> [DESCRIPTION OF THE TASK]: Repeat all the lines below exactly, but omit the pictures.

> [THE DATA]:
-- Opening Marker --

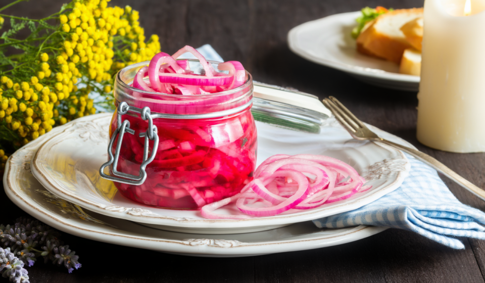 Die eingelegten Zwiebeln sind im Kühlschrank etwa 2–3 Wochen haltbar und passen perfekt zu Salaten, Wraps, Sandwiches, Bowls oder auf Burgern.
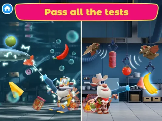 As a contestant, you will face a variety of challenges such as the Conveyor Belt, where you must use your hand to cut vegetables and fruits while avoiding trash. In Fruit Ninja, you must slice flying food without hitting muffin bombs. The Defrosting challenge requires you to smash ice cubes to reveal the products inside, with Booba's help of course. In Grater, you must grate falling food with an electric grater while staying focused. And in Greens Harvesting, you must tap sprouts to collect leaves for garnishing, all while avoiding a pesky worm.
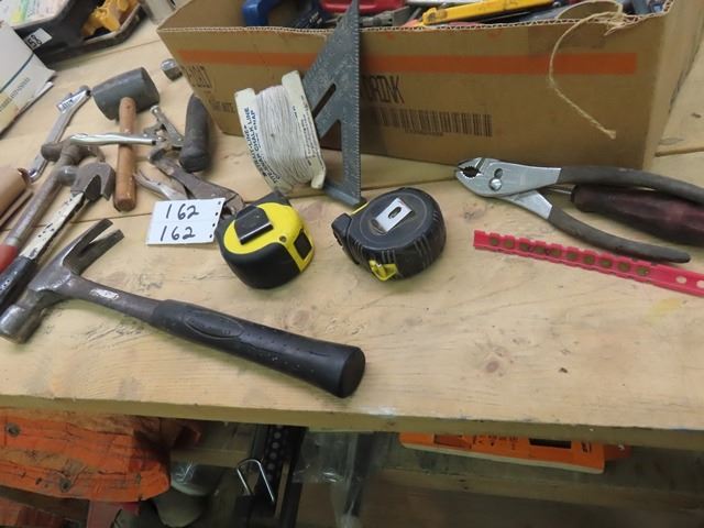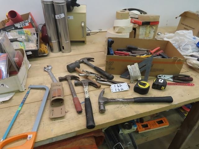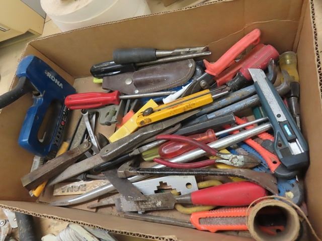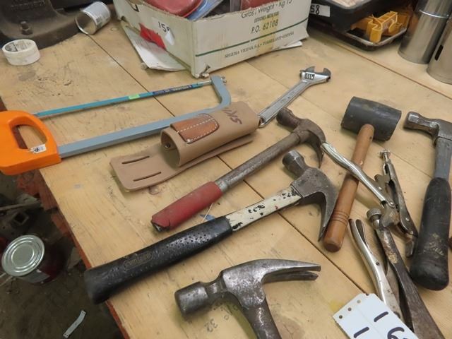 Box of Various Tools: Hack Saws, Hammers, Vice Grips, Crescent Wrenches, Tape Measures, Plus More

-- Closing Marker --

> [YOUR RESPONSE]:
 Die eingelegten Zwiebeln sind im Kühlschrank etwa 2–3 Wochen haltbar und passen perfekt zu Salaten, Wraps, Sandwiches, Bowls oder auf Burgern.
 As a contestant, you will face a variety of challenges such as the Conveyor Belt, where you must use your hand to cut vegetables and fruits while avoiding trash. In Fruit Ninja, you must slice flying food without hitting muffin bombs. The Defrosting challenge requires you to smash ice cubes to reveal the products inside, with Booba's help of course. In Grater, you must grate falling food with an electric grater while staying focused. And in Greens Harvesting, you must tap sprouts to collect leaves for garnishing, all while avoiding a pesky worm.
 Box of Various Tools: Hack Saws, Hammers, Vice Grips, Crescent Wrenches, Tape Measures, Plus More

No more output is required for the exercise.